Task to carry out
Send back the data below exactly. Drop every picture.
::: Stored data :::
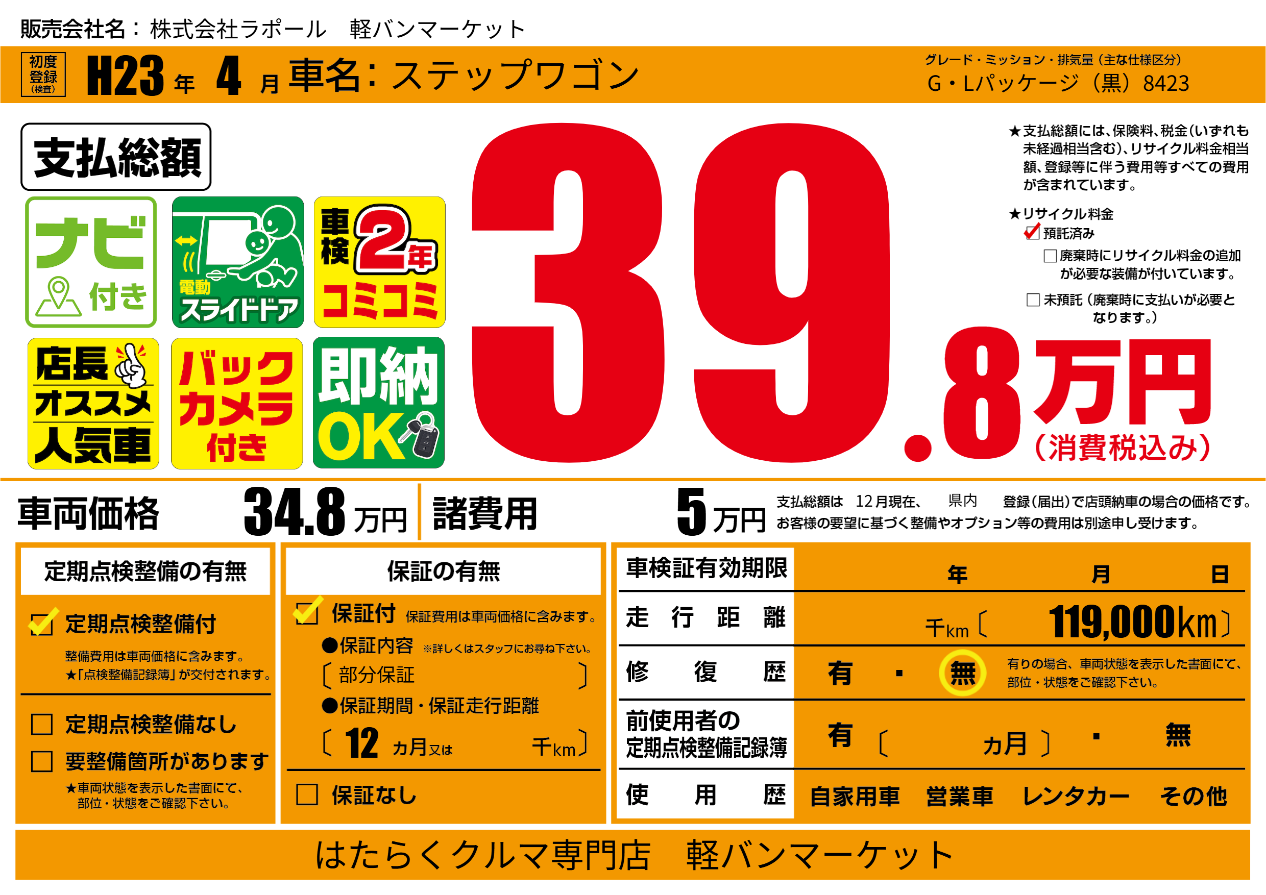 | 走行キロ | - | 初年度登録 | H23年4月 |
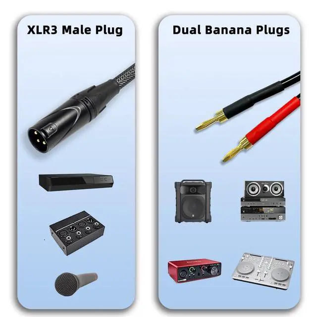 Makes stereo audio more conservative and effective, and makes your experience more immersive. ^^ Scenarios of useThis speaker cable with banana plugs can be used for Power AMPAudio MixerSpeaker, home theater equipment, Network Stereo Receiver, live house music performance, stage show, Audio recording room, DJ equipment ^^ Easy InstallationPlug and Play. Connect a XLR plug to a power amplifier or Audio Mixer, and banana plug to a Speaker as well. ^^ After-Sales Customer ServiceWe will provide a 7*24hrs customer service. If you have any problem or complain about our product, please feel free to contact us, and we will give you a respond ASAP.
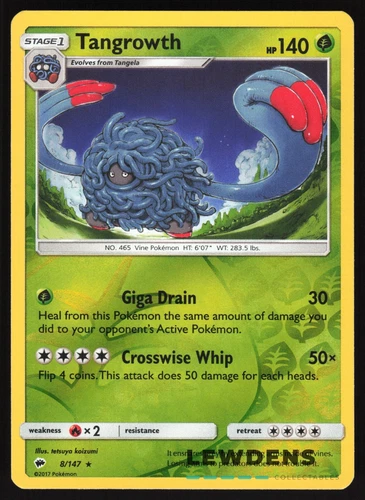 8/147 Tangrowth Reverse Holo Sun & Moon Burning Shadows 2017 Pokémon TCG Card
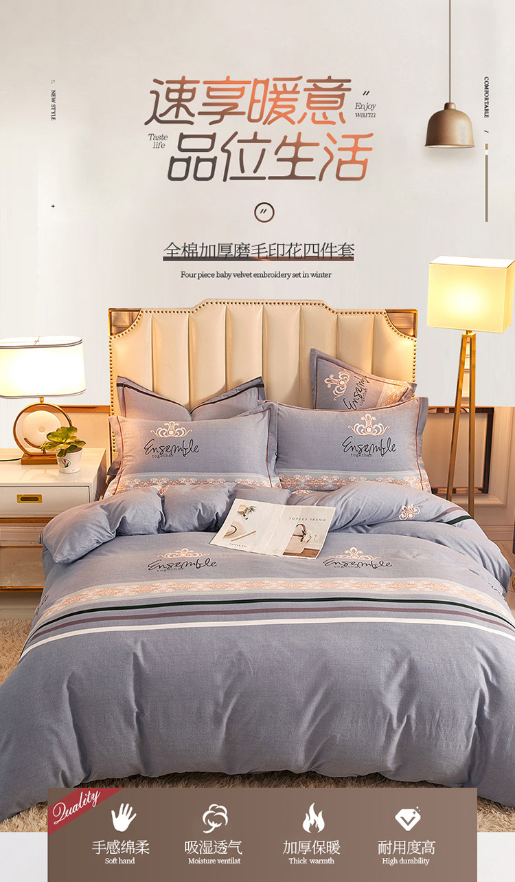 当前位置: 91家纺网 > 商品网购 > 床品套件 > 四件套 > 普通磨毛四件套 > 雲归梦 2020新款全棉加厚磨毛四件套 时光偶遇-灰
:::
Response to the task
 | 走行キロ | - | 初年度登録 | H23年4月 |
 Makes stereo audio more conservative and effective, and makes your experience more immersive. ^^ Scenarios of useThis speaker cable with banana plugs can be used for Power AMPAudio MixerSpeaker, home theater equipment, Network Stereo Receiver, live house music performance, stage show, Audio recording room, DJ equipment ^^ Easy InstallationPlug and Play. Connect a XLR plug to a power amplifier or Audio Mixer, and banana plug to a Speaker as well. ^^ After-Sales Customer ServiceWe will provide a 7*24hrs customer service. If you have any problem or complain about our product, please feel free to contact us, and we will give you a respond ASAP.
 8/147 Tangrowth Reverse Holo Sun & Moon Burning Shadows 2017 Pokémon TCG Card
 当前位置: 91家纺网 > 商品网购 > 床品套件 > 四件套 > 普通磨毛四件套 > 雲归梦 2020新款全棉加厚磨毛四件套 时光偶遇-灰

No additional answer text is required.